Citations not unfolded

Status
new bug
Reported by
Somogyi26 (talk) 17:01, 3 October 2012 (UTC)[reply]
Type of bug
It does not work; see http://en.wikipedia.org/w/index.php?title=User:Somogyi26/sandbox&action=edit&section=5
What happens
the citations are not unfolded
We can't proceed until
?
Requested action from maintainer
Please check!


The link does not work. What do you mean by not unfolded? AManWithNoPlan (talk) 18:06, 3 October 2012 (UTC)[reply]

convert bare URL refs to cite web refs

Status
Red X Won't fix
Reported by
Elvey (talk) 01:08, 5 October 2012 (UTC)[reply]
Type of bug
Enhancement

Improvement: The bot would be much better if ... -->

What happens
I don't know of/think there are any bots that convert bare URL refs to cite web refs
What should happen
<ref>http://elvey.com/insecure</ref> should become <ref>{{cite title=blah, author = blah, date=fee, url="http://elvey.com/insecure", archiveurl="<the bot could trigger the Internet Archive and/or WebCite to archive the URL...>"... }}.
Relevant diffs/links
http://en.wikipedia.org/w/index.php?title=Property_list&diff=prev&oldid=516069117




Why not have a bot do this? Has it been attempted before? I'd guess it has... I'm wondering why it isn't happening. --Elvey (talk) 01:08, 5 October 2012 (UTC)[reply]

Try using Reflinks for a while, and you'll see that there are quite a few parameters that don't get populated properly. GoingBatty (talk) 01:25, 5 October 2012 (UTC)[reply]
A fine idea but not one I have the time or ability to implement. Sorry! Martin (Smith609 – Talk) 08:27, 20 October 2012 (UTC)[reply]

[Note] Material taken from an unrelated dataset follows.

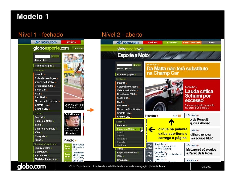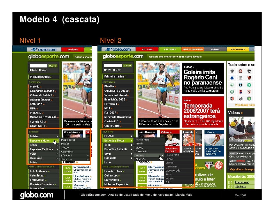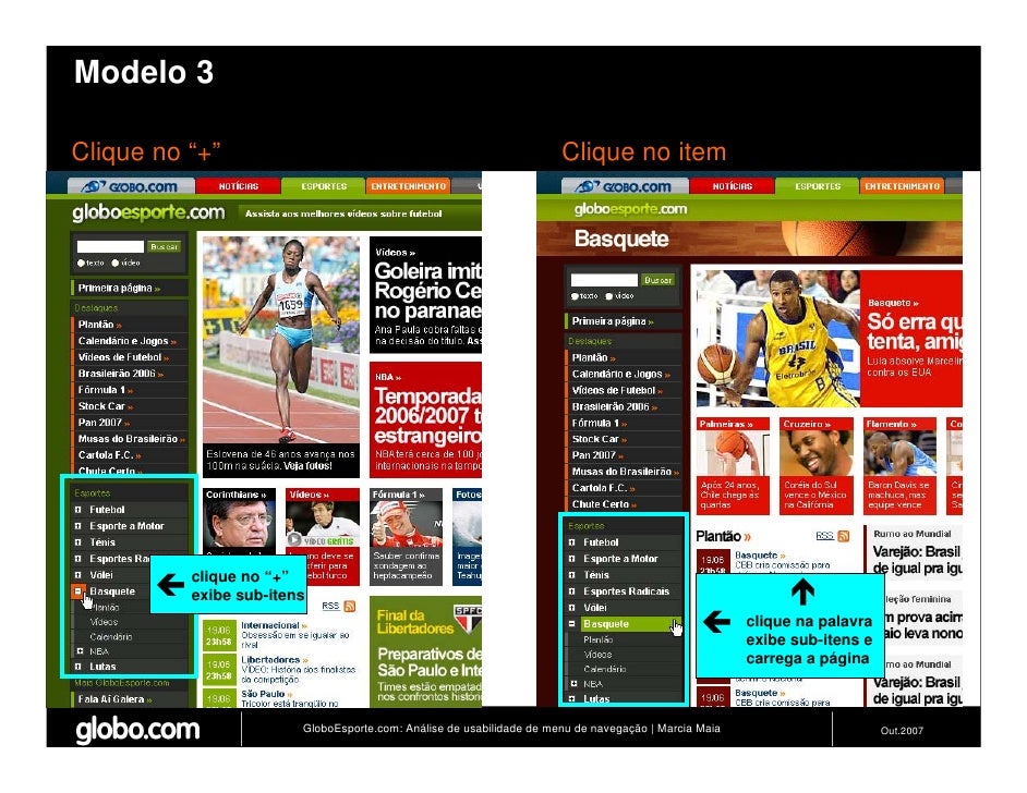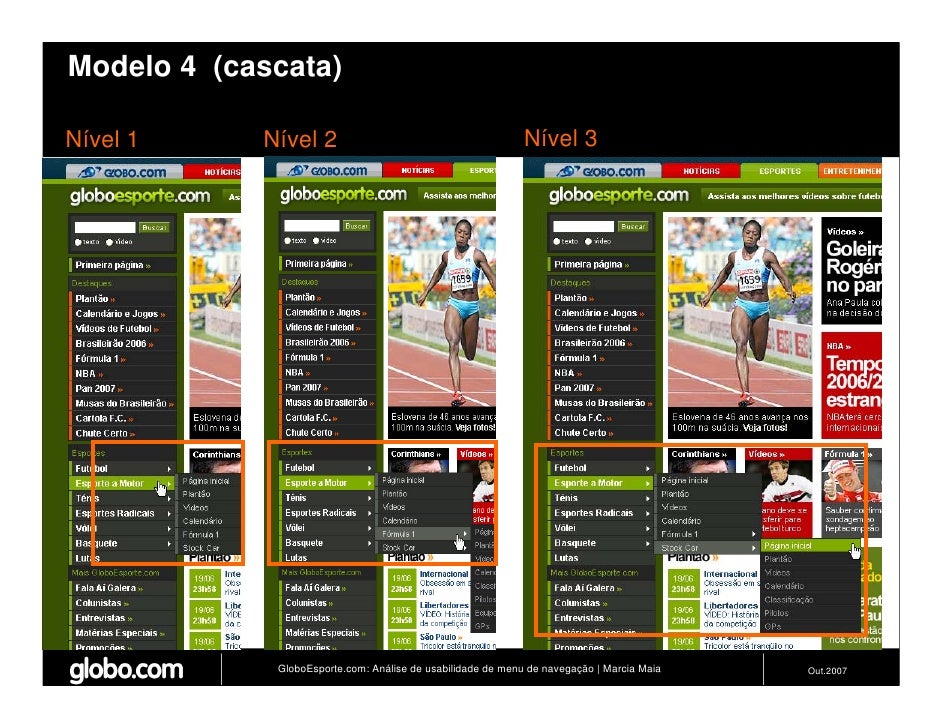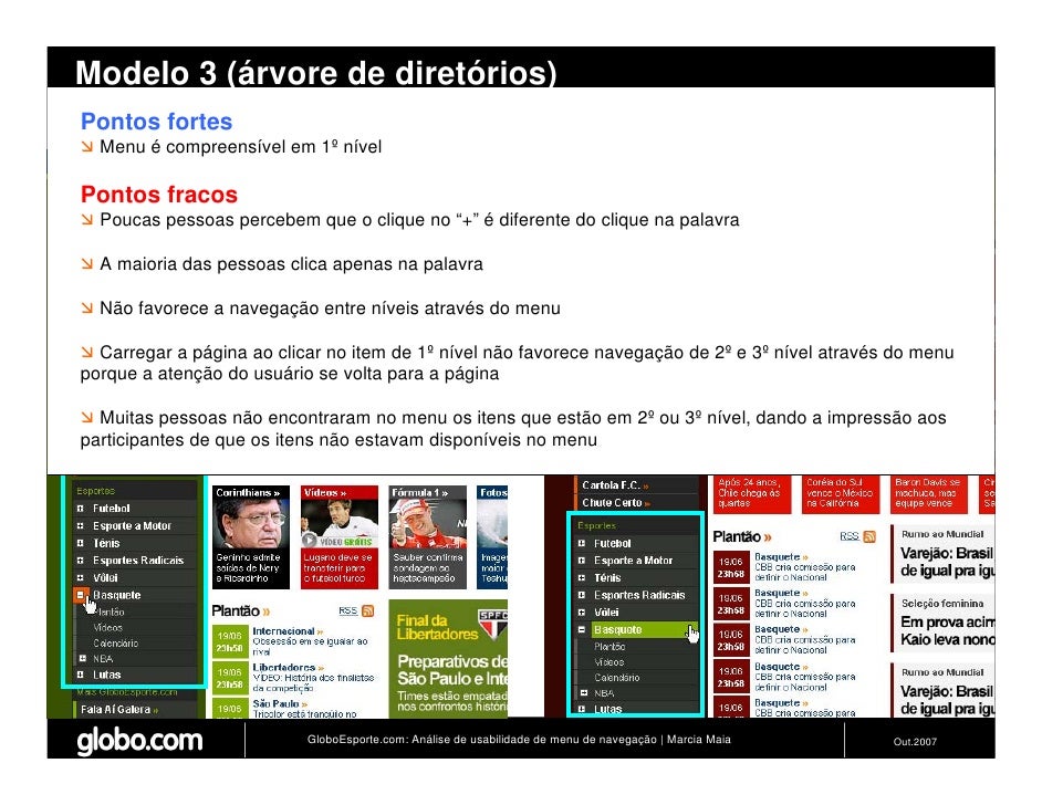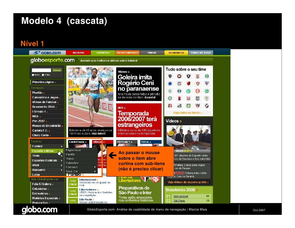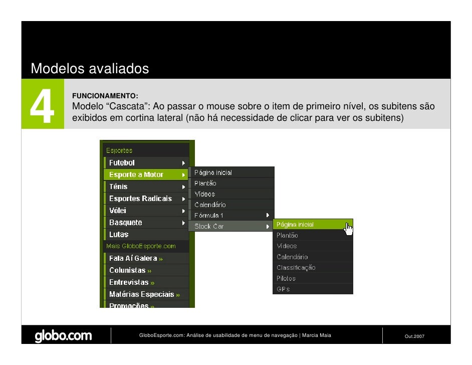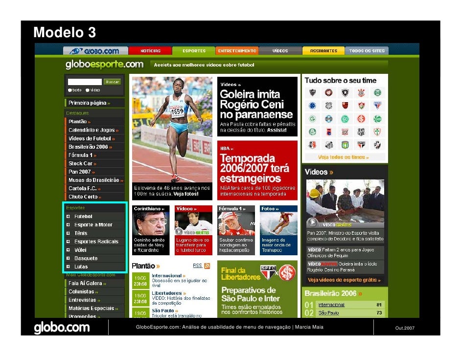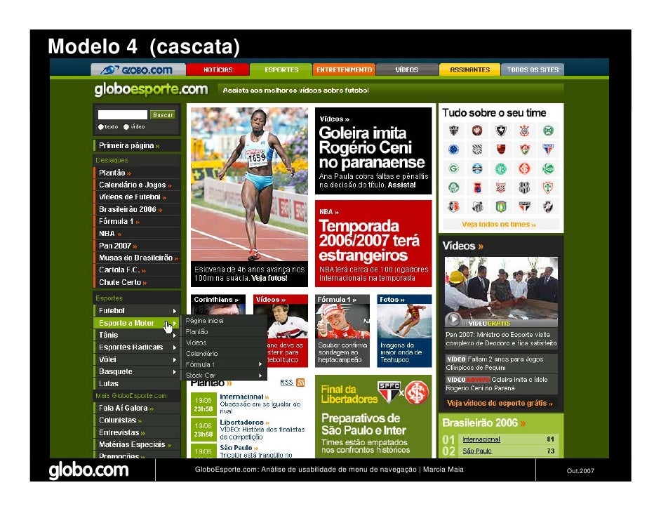 Apresenta resultados de teste de usabilidade de 4 modelos de menus de navegação para o Site do GloboEsporte.com. Trabalho apresentado no EBAI 2007.

Apparent failure to complete

Status
new bug
Reported by
Phil
Type of bug
Inconvenience: Humans are given the impression they need to make immediate edits to clean up after the bot but this is untrue…
What happens
The bot is invoked from the sidebar, and reports that it has "failed to write to the database". Actually the edit has gone through and seems fine.
Replication instructions
Click "Expand Citations" in an article which needs it.
We can't proceed until
Operator: Bot operator's feedback on what is feasible
Requested action from maintainer
Find out what is going wrong ;-)


Stop the bot from reverting good edits

Status
new bug
Reported by
Urhixidur (talk) 14:48, 18 October 2012 (UTC)[reply]
We can't proceed until
Agreement on the best solution


Such as this one. Urhixidur (talk) 14:48, 18 October 2012 (UTC)[reply]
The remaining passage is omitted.